Letting out the breath she hadn’t realised she’d been holding, Christine allowed herself a moment of self-congratulation. She turned away from the ship to appreciate the emptiness around her. Her eyes had adapted. Now she could see the twinkle of distant stars, like gems studding the velvet blackness, the pale blurs that were galaxies. No one has ever travelled this far from home, she thought. Rather than fear, she felt a strange sense of exhilaration, akin to the excitement that gripped her when she resolved some knotty mathematical issue or confirmed the validity of a proof.
A memory from her childhood popped into her mind—sitting in the backyard with her grandma, peering into the glittering night sky. “I saw the first American go into space,” Nana had said. “Alan Shepard. I was in fourth grade. The whole school piled into the cafeteria to watch the launch on television. Black and white television,” she added with a laugh. “I was so excited I could hardly breathe. I decided that day that I wanted to be an astronaut. I had to see those wonders for myself.”

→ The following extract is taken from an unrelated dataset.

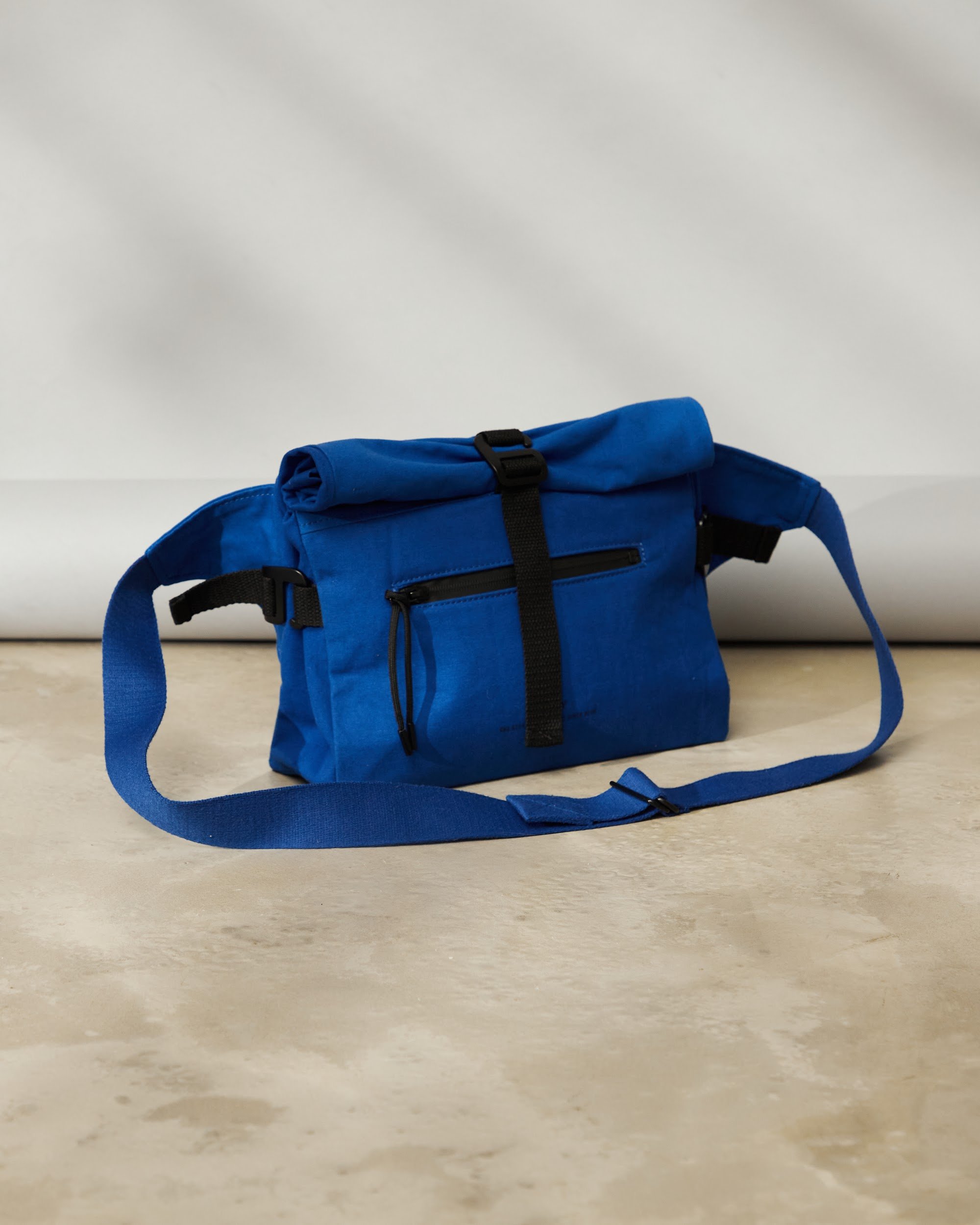 Unisex crossbody bag s nastavitelnou výškou a hloubkou pomocí kovových spon a popruhu.

Of course, Nana hadn’t lived that dream. She’d become a teacher instead. Now, though, Christine was making that old fantasy real, floating free, embraced by the stars. It was amazing—awe-inspiring.
Then a delicate sadness crept over her. She’d never be able to share this feeling.
A red symbol flashed in the periphery of her vision, a routine warning that the suit oxygen supplies had reached seventy-five percent. That was enough for another four hours of EVA, but still, since her work was complete, she’d better get back inside.
She needed to reverse her orientation in order to climb back over the edge of the disk. Grasping a bracket with one hand, she gestured with the other to temporarily turn off the magnets in her boots. It was a gesture she’d practised a hundred times during training, but something went wrong. She must have put too much force into the arm movement. The reaction tore her other hand from its grip and drove her body away from the ship.
The distance between her and the Archimedes grew wider by the second. Christine cursed her carelessness. She knew that one had to move slowly and deliberately at all times when performing EVA. Newton’s third law, that every action has an equal and opposite reaction, applied in space just as it did everywhere else. In space, though, there was no friction to slow objects down.
Christine was more annoyed than concerned. She knew she could pull herself back to the airlock using the tether. That’s what it was for. She reached behind her to grasp it, where it clipped to her belt. Only then did she feel fear. Her lifeline was gone.